Soal Dukun vs Pesulap, Wakil Rektor UNIPDU: Kapitalisasi Agama Berkedok Kearifan Lokal
Berita Baru, Jakarta – Wakil Rektor UNIPDU Jombang, HM Zahrul Azhar Asumta menyebutkan perseteruan antara pesulap berambut merah dengan Gus Samsudin merupakan kapitalisasi agama berkedok kearifan lokal.
“Jika si Pesulap Rambut Merah membela diri bahwa tindakannya sekedar ingin membongkar praktik perdukunan si “Gus Pesulap” yang ulahnya ia yakini penuh dengan tipu muslihat, para pendukung si “Gus Pesulap” tidak kalah garangnya dalam membela tokoh panutannya. Komen para netijen menambah riuh “ruang gladiator” dunia maya,” tutur pria yang akrab disapa Gus Hans tersebut.
Gus Hans mengatakan Jika di Indonesia perdukunan dianggap sebagai hal lumrah, di Arab Saudi perdukunan adalah bagian dari praktik sihir yang layak dihukum. Jangankan perdukunan, berdoa sambil memegang Maqmm Ibrahim saja diusir dan dicap syirik oleh laskar Masjidil Haram.
“Di Arab Saudi, ada hukum yang mengatur tentang sihir dengan ketat. Sihir diklasifikasi sebagai pelanggaran berat. Pelakunya terancam hukuman maksimum, yaitu pancung. Di Arab Saudi juga ada polisi agama yang disebut Mutawa. Selain itu, Arab Saudi juga memiliki Magical Unit yang fokus memberantas praktik-praktik perdukunan di negara gurun ini,” jelasnya.
Sementara itu, lanjut Gus Hans, Indonesia terkenal dengan negara dengan budaya dan keyakinan yang sangat beragam. Keragaman ini menjadi sebuah energi yang mampu membawa Indonesia menjadi negara besar yang memilki semboyan “Bhinneka Tungal Ika”.
“Saat ini, siapa saja bisa mengaku Gus untuk mendapatkan privilege yang bisa dikapitalisasi. Padahal, definsi Gus itu simpel. Gus adalah sebutan untuk putra seorang kiyai. Mereka yang menyandang Gus tidak harus alim dalam bidang agama. Sebutan Gus untuk seseorang yang bukan putra kyai adalah Gus jadi jadian, Gus naturalisasi, baik ciptaan media maupun panggilan seenaknya dari para pengikut-pengagumnya. Ada juga orang yang mendadak Gus saat menjelang Pemilu,” paparnya.
Dalam kasus yang sedang viral ini, Gus Hans menegaskan dirinya tidak dalam posisi menghakimi siapa yang benar dan siapa yg salah. Sejauh kita mengikuti beritanya, realitas di lapangan memperlihatkan bahwa masyarakat menuntut penutupan padepokan tersebut. Selalu ada kelompok pro-kontra menghadapi kasus-kasus seperti ini.

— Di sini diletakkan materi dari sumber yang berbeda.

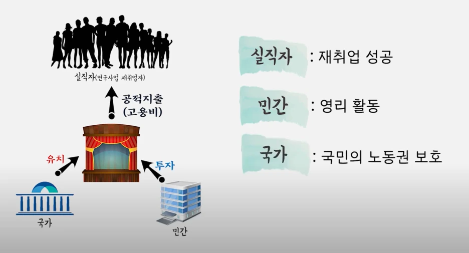뿐만 아니라 기업내 사고율은 41%나 감소했고, 1929년 대비 39% 더 많은 사람들이 일하게 되었다고 하죠. 따라서 리프킨은 노동이 사라질 수록 노동의 공유가 필요하다고 주장하는 것입니다. 이어서 두번째 대안은 제3부문의 확충입니다. 제3부문이란 국가의 공공적 목적과 민간의 영리적 목적 그 중간에 위치한 것으로, 쉽게 말해 국가가 특정 사업을 유치하고 투자는 민간으로부터 받아서 운영하는 사업을 예로 들 수 있습니다. 가령 국가에서 실직자들로 꾸려진 연극 사업을 유치한다고 하면, 이에 대한 투자를 민간으로부터 받아 운영하되 사업을 통해 발생한 이익의 일부를 공공 목적으로 사용할 수 있는 식이죠. 이때 실직자들은 재취업에 성공할 수 있고, 민간은 영리를 취할 수 있을 것이며, 국가는 국민의 노동권을 보장하는 공공적 역할을 성취할 수 있을 것입니다.
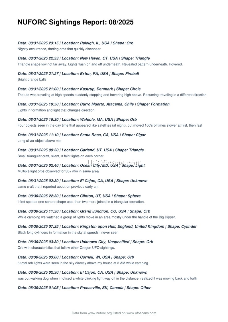 This document is a chronological compilation of hundreds of UAP sightings reported to NUFORC throughout August 2025. It provides a global overview of witness accounts describing diverse object shapes and anomalous flight behaviors.
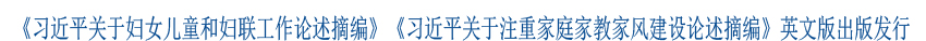 中共中央党史和文献研究院翻译的《习近平关于妇女儿童和妇联工作论述摘编》《习近平关于注重家庭家教家风建设论述摘编》...【详情】【更多头条】
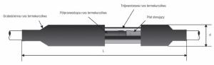 - Odtworzenie izolacji mufy za pomocą obkurczonego trójwarstwowego prefabrykatu termokurczliwego pełniącego funkcję: wysterowania pola, odtworzenia izolacji i ekranu półprzewodzącego
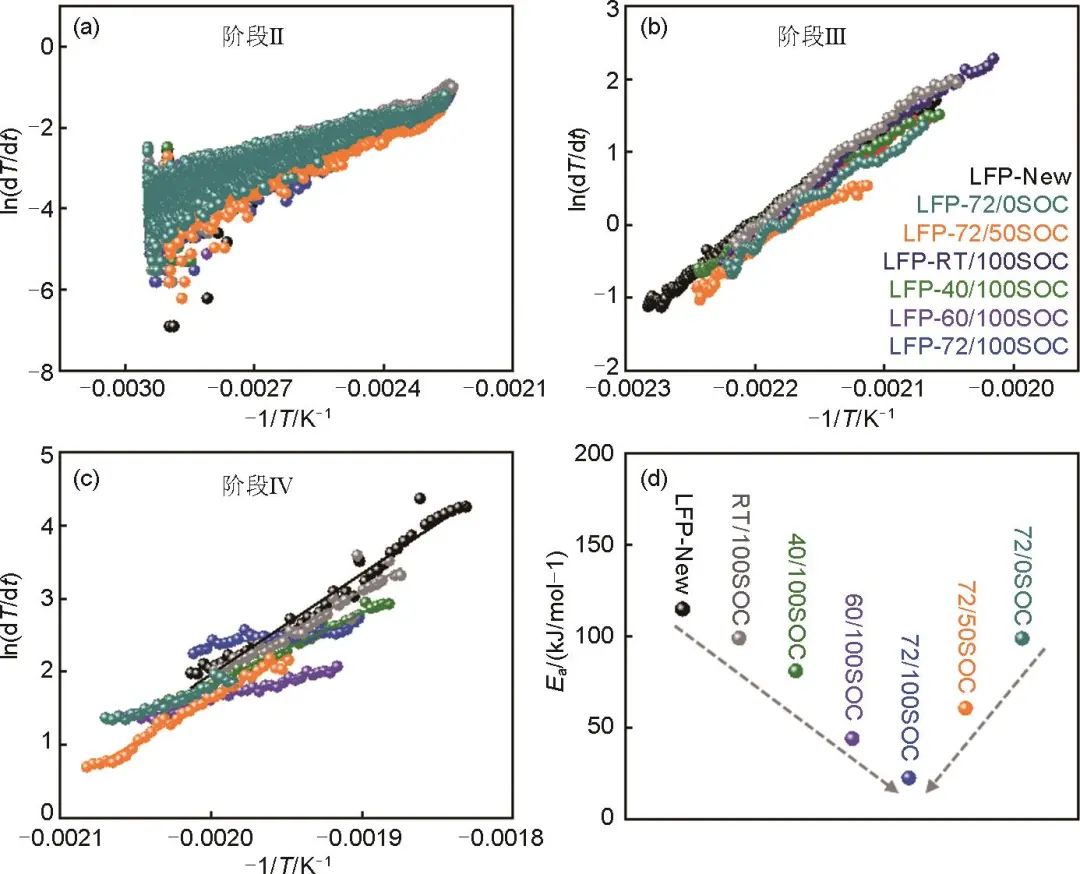 圖7 LFP電池?zé)崾Э?(a) 階段II、(b) 階段III及(c) 階段IV的ln(dT/dt)與-1/T線性擬合曲線,(d) 階段IV熱失控過程表觀活化能Ea變化圖
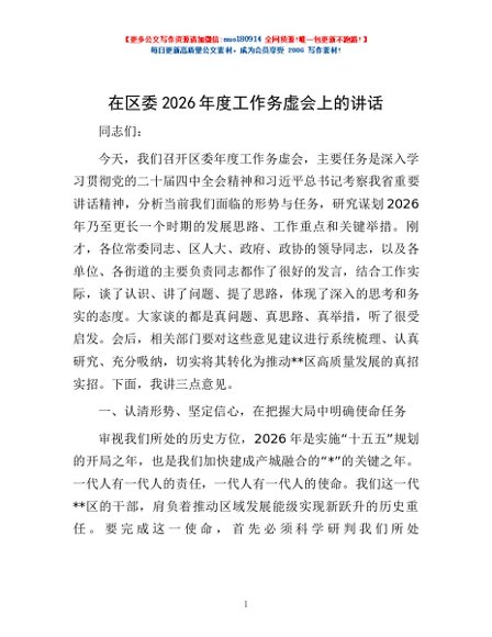 / 在区委2026年度工作务虚会上的讲话

“Sepengetahuan saya, kebanyakan pasien seorang dukun biasanya datang dari jauh, bukan penduduk sekitar. Bahkan, tidak banyak warga sekitar yang tahu tentang “kesaktian” tetangganya yang dianggap “orang pintar” oleh orang orang luar,” katanya.
Munculnya sosok pesulap muda berambut merah, menurut Gus Hans, seakan memporak-porandakan dunia “tahu sama tahu” di antara komunitas supranatural. Beberapa bereaksi negatif terhadap tindakan si Rambut Merah, tapi ada juga yang bisa menerima.
“Bagi orang awam seperti saya, keberanian si pesulap muda ini sangat membantu untuk mengedukasi masyarakat tentang apa yg sebenarnya terjadi. Setidaknya, apa yang ia lalukan dapat mengurangi tumbuh suburnya praktik-praktik kapitalisasi berkedok kearifan lokal yang menyeret agama dalam kubangan keprimitifan,” jelas Gus Hans.